Title: After the Rescue

Part: NEW 72/73

Author: Karmen Ghia, karmen_ghia@yahoo.com

Series: TOS

Romance Code: S/Mc and then some.

Rating: NC-17

Appendices: http://members.tripod.com/karmen_ghia/atrappendices.html

See part one for disclaimers, etc.

 

Spock chose not to argue with anyone about where Maja might be at that moment and had himself transported directly into the vicinity of Maja's Federation Identifier Signal.

"I'm so glad I wasn’t taking a shit, Spock." Maja snarled, looking up from his sketch pad.

Spock ignored this in favor of placing the DNA results on Maja's unfinished pastel.

"What is this?" Maja asked.

"Conclusive proof that Tien is my son."

"This is not news for me, Vulcan." Maja looked curiously at the papers. "Oh, yes. The strand of hair," Maja said sadly. "Spock, you have all the compassion of your people, possibly less. Don't you realize what Tien was doing? He was fulfilling his dead lover's last wish and all you could think of to do was call him a liar."

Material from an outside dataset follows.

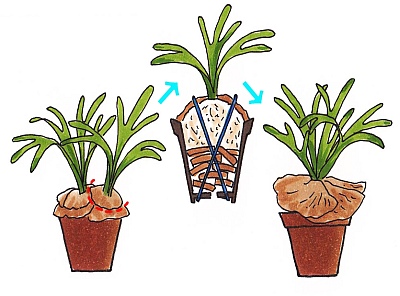 ビフルカツムやウィリンキーなど子株が出やすい種類は、株分けでふやすことができます。適期は5~7月ですが、あまり小さいうちに親株から外してしまうと、その後の成長が著しく遅れたり、枯らしたりすることもあるので、ある程度育ってから分けた方がよいでしょう。新しい外套葉が少し動き出したころや、完全に茶色く枯れたころに分けると、新芽を傷つけたり折れたりすることが無いので安心です。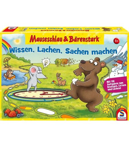 Med spillene fra serien "Mouse Smart & Strong" opdager børn verden på en legende måde. Med "Knowledge, Laughter, Making Things" kommer en klassiker fra Schmidt Spiele i en ny forklædning. Dette børnespil for børn fra 5 år og opefter kan spilles af 2-4 spillere og tager ca. 30 minutter at gennemføre. Spillet indeholder 110 opgaver med bevægelse, læring og latter. Det indeholder også spørgsmål om årstider og tidspunkter for at teste børnenes viden. Med musen Bo, der altid vil vide nye ting, og bjørnen Bo, der opfordrer til bevægelse, tilbyder legen en oplevelse for børn, der er lige så underholdende, som den er lærerig. ...

"I believed him, Maja," Spock said levelly. "It is you I wanted to confront with proof so you could not lie to me."

"When," Maja asked coolly, "have I ever lied to you?"

"Why did you not tell me?"

"That's not the same thing as lying."

"I agree. Why did you not tell me?"

"It was none of your business."

"Perhaps, but why did you think not?"

"You had other things on your mind."

"I would have taken time for this. Why?"

"What would you have done, Spock?"

"I cannot speculate on the hypothetical past," Spock said. "I still want to know your reasoning for not telling me and running away."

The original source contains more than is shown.